Information Security Case Study
In order to mitigate risks resulting from an increase in cyber threats and to comply with Federal legislation, this Federal Agency hired TMI to develop and conduct an enterprise-wide IT security assessment.
TMI developed Security Standards to meet federal legislation and increase Agency baseline information security and privacy posture Agency-wide, while reducing the reporting burdens required complying with Federal mandates. TMI has been providing essential security and privacy services to Agency to enable them to maintain compliance with Federal mandates, provide mission-critical services and maintain the public’s trust and confidence in the quality of services and business operations.
Vulnerability Management (VM): This comprehensive program integrates network vulnerability scanning, configuration compliance scanning, penetration testing, web-based application vulnerability scanning, and wireless vulnerability scanning activities to identify technical deficiencies throughout the department and to provide heightened situational awareness across the department. TMI conducts monthly network vulnerability scans for several small Agencies and provides vulnerability scan support for several others.
Certification & Accreditation (C&A) Support: TMI directly supported the implementation of a comprehensive C&A process to ensure compliance with National Institute of Standards and Technology (NIST) Special Publication (SP) 800-37, Guide for the Security Certification and Accreditation of Federal Information Systems. TMI conducted C&A activities for more than ten systems Agency wide.
FISMA Support: TMI is responsible for developing and preparing the Department’s information security reports as required by FISMA annual reporting requirements and the quarterly FISMA and President’s Management Agenda (PMA) updates. TMI provides the Agency with the ability to identify IT security weaknesses or vulnerabilities and assist departments in mitigating these weaknesses. TMI provides a real-time oversight and monitoring capability to ensure that the Agency functions as a world-class organization in line with legislative and regulatory requirements. In addition, TMI facilitated the deployment of automated tools to facilitate and track all data collection.

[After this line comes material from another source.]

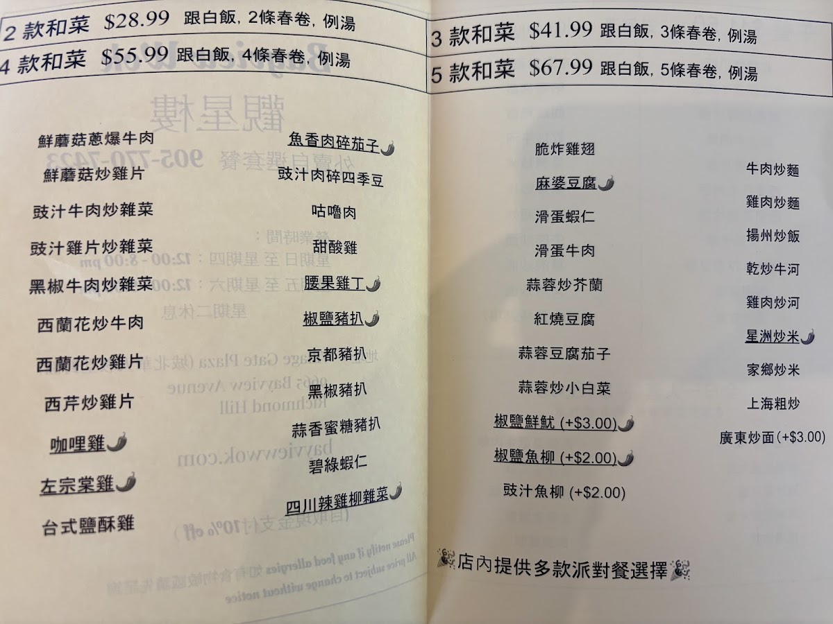Customer reviews sing praises of the generous portions and friendly service. From the satisfying flavors of the chicken and veggies in black bean sauce to the crispness of their spring rolls, every dish resonates with quality and value. Whether you're seeking a quick lunch or a hearty meal, Bayview Wok promises to deliver an unforgettable dining experience.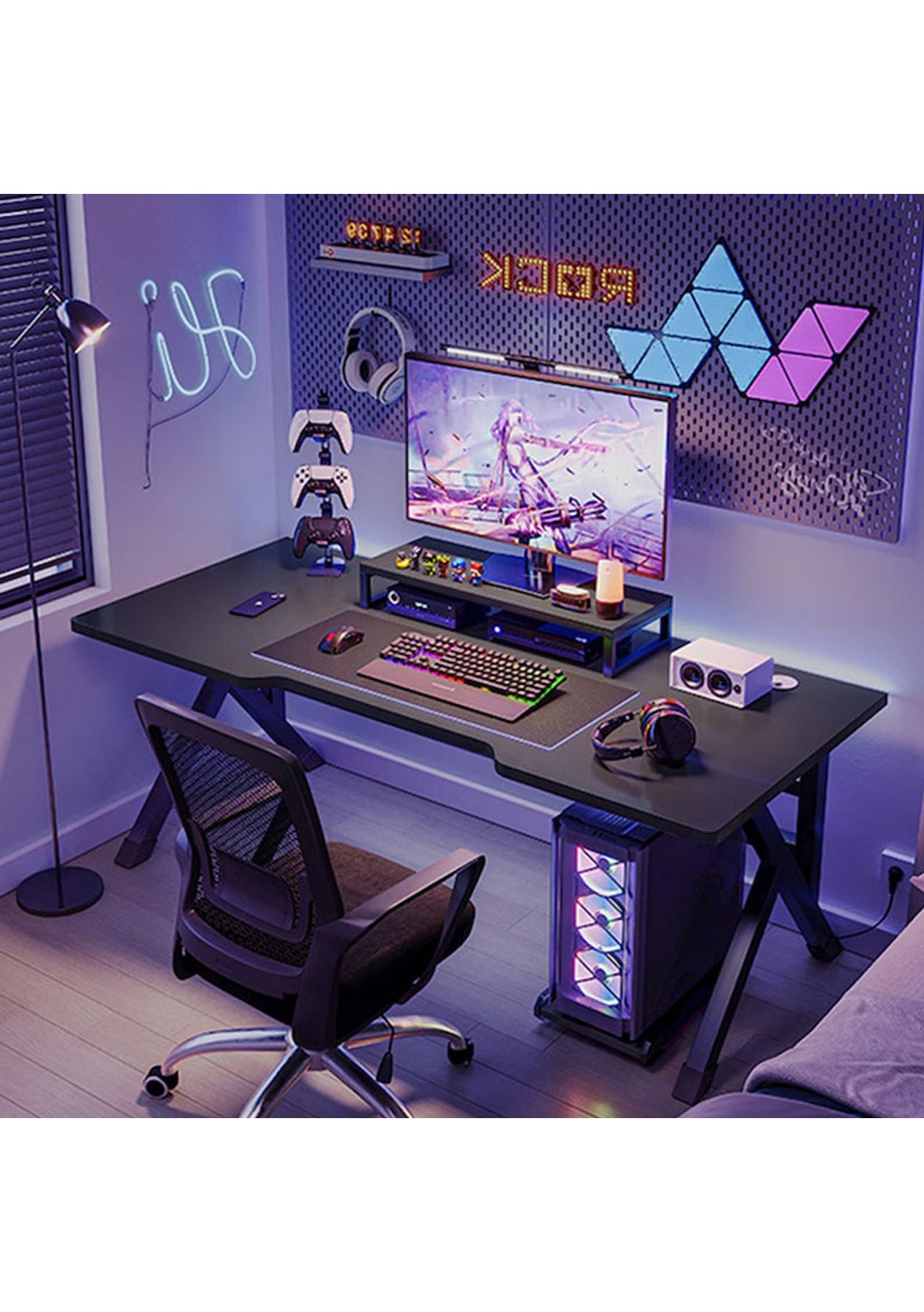Features With a robust build and gamer-friendly design, this desk ensures a stable and comfortable setup for both casual and competitive gaming. ‚ K-Shaped Triangular Legs & Reinforced Frame ‚Äì Enhances balance and structural strength.‚ Heavy-Duty Tabletop ‚Äì Thick surface built to withstand heavy loads.‚ Rounded Corners ‚Äì Smooth edges for added safety and comfort. Product details ‚ Dimension: W 1200 x D 600 x H 740 mm ‚ Materials: MDF, LPM‚ Assembly Required: Yes‚ Colour: Black * Please note that the colour can be different from your monitor* Package includes 1 x Desk

Information Security and Privacy Awareness Training: TMI develops information security and privacy awareness, training, and education programs for the Agency. In addition, TMI Solutions, Inc assists the Agency by introducing standards and tools to ensure they meet FISMA and Office of Personnel Management (OPM) compliance in the area of information security and privacy awareness.
The Benefit to Government
As a result of this activity, vulnerabilities identified across the Agency have proactively been addressed, substantially increasing the overall security posture of the enterprise. This solution has paid immediate dividends by allowing several departments to quickly identify and remediate published vulnerabilities. Taken together, these activities provide the Agency a comprehensive view of their technical security posture across the enterprise.